Wilderness return home behind in series

If your glass is half full, you're noting that the Minnesota Wilderness have been in this situation before. If your glass is half empty, you're noting that one more slip will end their NAHL title defense in the second round.

If your glass is half full, you’re noting that the Minnesota Wilderness have been in this situation before. If your glass is half empty, you’re noting that one more slip will end their NAHL title defense in the second round.

A pair of overtime losses in Fairbanks last weekend have the Wilderness teetering on the brink of elimination, down 2-0 in their best-of-five series with the Ice Dogs. That’s half-empty.

But on Friday night, the team returns home to face Fairbanks again, and would have all three of the remaining games on their ice if they can get the series to a fifth game. That’s half-full.

Coach Corey Millen sees it both ways.

“We did show that we can play with them and can stand up to them,” he said. “We didn’t get the results but we do know we can play well.”


Results are key, though, so a way through needs to be found.

Mitchell Baumann’s goal at the 6:08 mark of overtime gave the Ice Dogs a 2-1 win in Friday’s Game One.

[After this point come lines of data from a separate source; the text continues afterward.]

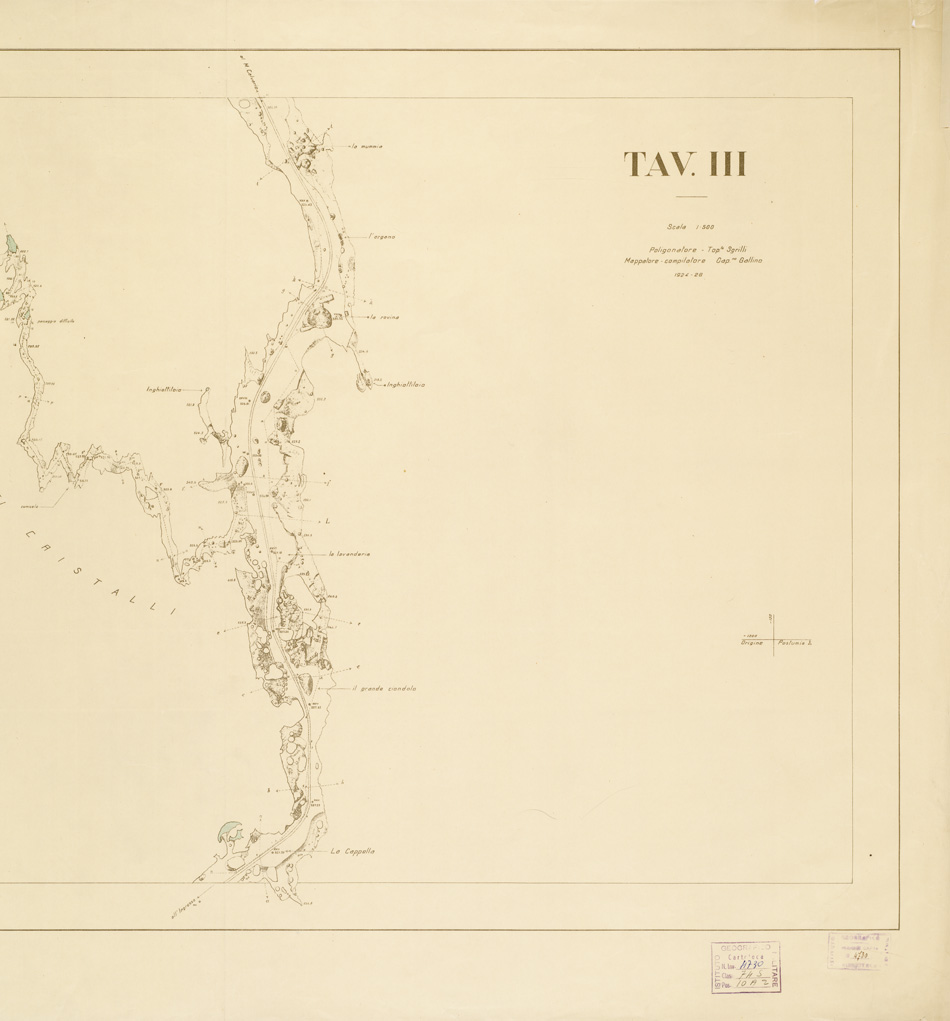"Documento composto da n.15 tavole. Al numero d' inventario 4730Bis documento composto da n.2 tavole dal titolo " Corso sotterraneo del Piuca nel versante di caccia ". Ed. R. Amministrazione delle Grotte -Postumia. Poligonatori: Top.fo Sgrilli mappatore e compilatore: Cap.no Gallino."
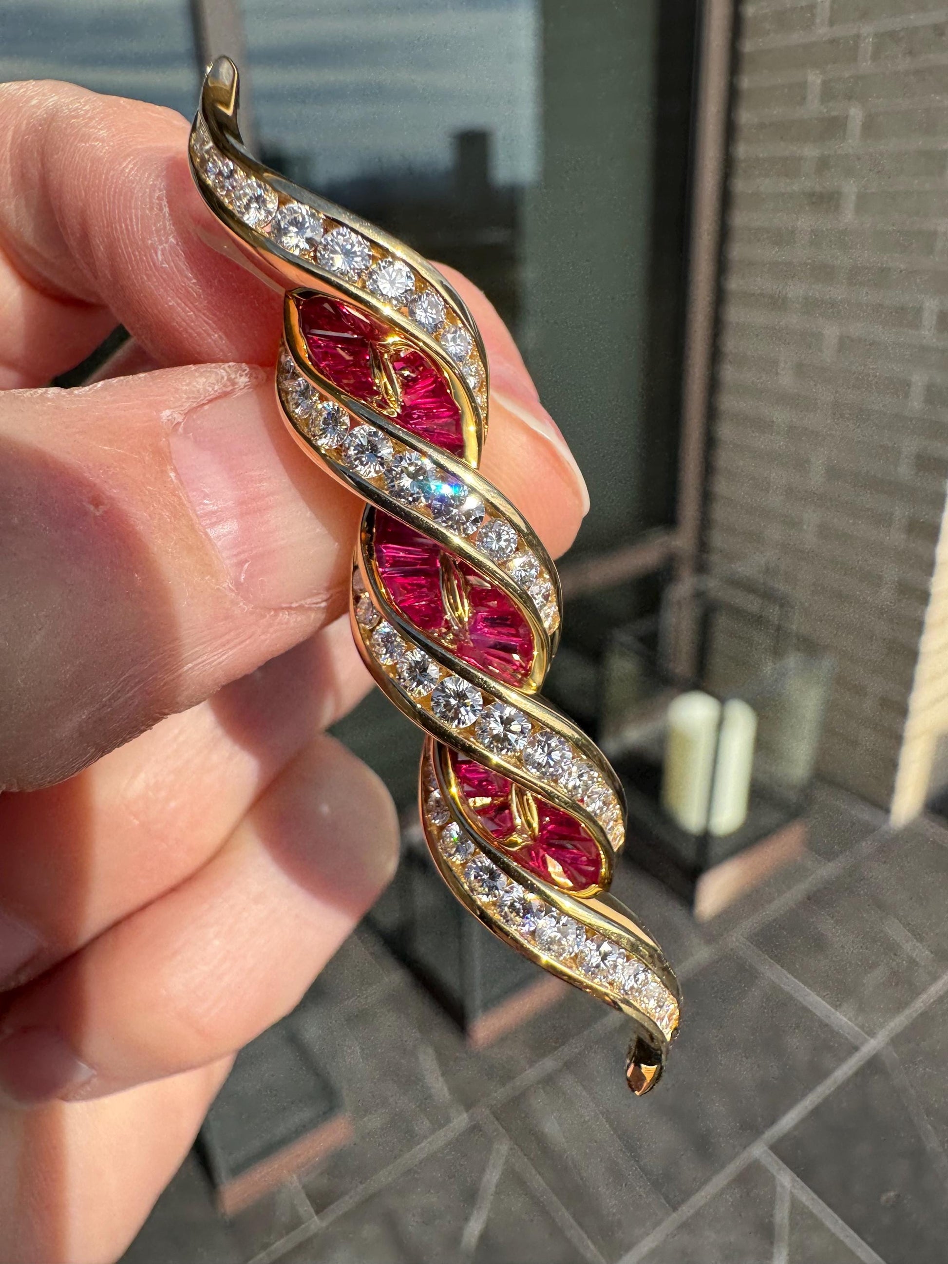 Make a bold and timeless statement with this exquisite vintage brooch by designer Krypeell. Crafted from rich 18K solid yellow gold, this signed swirl brooch showcases a stunning interplay of fiery natural rubies and sparkling round brilliant diamonds.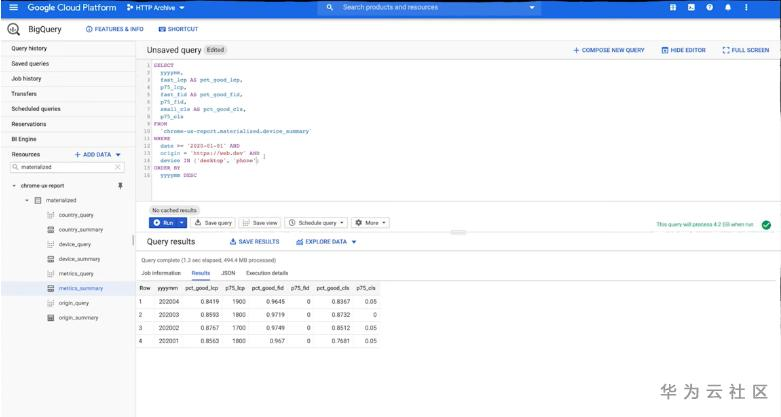 通过官方预置(chrome-ux-report.materialized.metrics_summary)的数据,书写简单的SELECT语句,可以从时间、设配型号、国家等多维度获取用户的访问记录、并对LCP、FID、CLS等关键指标进行分析

Koby Bender had tied the game for the Wilderness at the 7:08 mark of the third period.

“I think we had more Grade A chances than they did even though they outshot us,” Millen said. “The first 10 minutes went really well, we were controlling the game territorially, and then they scored on their first shot. But we battled hard and had a lot of good chances.”

The following night, the Wilderness allowed the game-winning goal while skating two men short in overtime - a source of quiet frustration for Millen.

“The referees in the league are young, too, and you have to remember to have patience with them,” Millen said. “But we haven’t had a lot of luck in power plays lately and being down two men in overtime isn’t good.”

Casey Gilling, who had scored in the first period, was sent off for cross-checking 52 seconds into the overtime, and Alex Toscano was called for tripping at 2:19. Then former Elk River star Reggie Lutz won the game for Fairbanks with a five-on-three power-play goal at 2:33.

“Our kill was good, but they got the five-on-three and that put us in a bad spot,” Millen said.

The Wilderness had killed off five previous Fairbanks power plays in the game, with the home team receiving the last four man-advantage opportunities of the game.


“I didn’t really see the first penalty (on Gilling) and the second was a trip that was a tough penalty to take in overtime,” Millen said.

That said, Millen is happy with his team’s play.

“Saturday, we out-chanced them and played really well. We could never get the lead and we responded on them twice. But now we take it one shift and one period at a time.”

Even though officiating isn’t going their way, the team can’t stop playing aggressively.

“We haven’t really done anything differently than anybody else,” Millen said. “You can’t stop playing aggressively. We’ve been unlucky at times but you always have to play hard.”

And now down 2-0, the team’s best game is vital on Friday night to stay in the series.

“We can always play better,” Millen said. “Based on what I’ve asked them to do, they’ve done great. That’s all you can ask. They’ve done what they’ve been told to do but we haven’t gotten a bounce that would lead to the results. Obviously we got them in the first round but they haven’t yet happened here.”

The way the “swing” series is set up, if the Wilderness force a fifth and deciding game, it would be played Sunday in Cloquet with Fairbanks as the “home” team.


“That’s the best scenario, to get three games on home ice,” Millen said. “We talk a little bit about it but really, right now it’s just one period at a time.”